Josée et Nancy Baril vont troquer la lourde neige québécoise pour le sable du désert marocain au cours des prochains jours et entendent bien l’emporter à leur première participation. (Photo Yanick Michaud)
Les sœurs Baril au Rallye Aïcha des Gazelles
L’équipe 106 veut gagner dès la première année
Sans se dire véritablement nerveuses, les sœurs Josée et Nancy Baril sont plutôt excitées à l’heure actuelle.

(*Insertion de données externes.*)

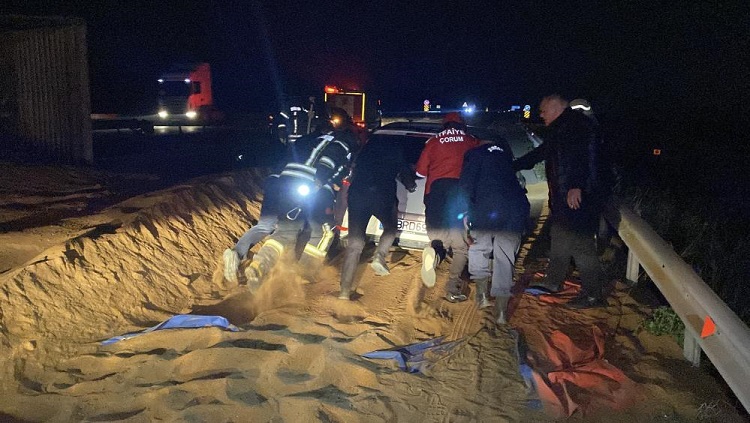 Olay yerine gelen sağlık ekipleri tarafından ilk müdahalesi yapılan yaralı sürücü, Hitit Üniversitesi Erol Olçok Eğitim ve Araştırma Hastanesine kaldırıldı. Kazada yola saçılan hayvan yemi sebebiyle Samsun istikameti bir süre trafiğe kapandı. Kapanan yolda yaklaşık 2 kilometre uzunluğunda araç kuyruğu oluştu. Ekiplerin temizlik çalışmasının ardından yol kontrollü olarak trafiğe açıldı. Ekipler, kaza ile ilgili inceleme başlattı. (İHA)

Lundi, les deux aventurières vont prendre la direction d’Amsterdam, d’où elles partiront quelques jours plus tard vers le Maroc, cette fois afin de prendre part au 18e Rallye Aïcha des Gazelles. « C’est la raison de l’importance des cours que nous avons suivis. Il faut être en forme et en santé, mais surtout fortes mentalement. Et je crois que c’est le cas et que c’est la raison pour laquelle nous sommes prêtes », explique Nancy Baril, de Vaudreuil-Dorion. Sa sœur, Josée, conseillère municipale à Notre-Dame-de-l’Île-Perrot, explique qu’elles n’ont, de toute manière, pas eu le temps de penser à la date qui approchait. « Ça a été une course jusqu’à la toute fin. Nous étions à la recherche des derniers montants pour pouvoir nous inscrire, si bien que la date est arrivée et que nous sommes à quelques jours maintenant de nous retrouver dans le désert marocain pour une belle aventure. »
Des défis et du courage
Des femmes de cœur avant tout, les sœurs Baril sont comme toutes les participantes du seul rallye féminin mondial digne de ce nom, des aventurières. « Nos seuls outils sont des cartes géographiques qui datent de 30 ans, des compas, une règle et un rapporteur d’angles. Pas de GPS, pas de radios sophistiquées, seulement deux femmes, quelques outils de base, des pelles pour sortir du sable et une camionnette », dit Nancy Baril, expliquant que la course est plus difficile d’année en année. « Parce que ce sont souvent les mêmes concurrentes qui reviennent. Elles ne veulent pas faire le même parcours chaque fois. Alors le circuit change et il est de plus en plus difficile », précise-t-elle.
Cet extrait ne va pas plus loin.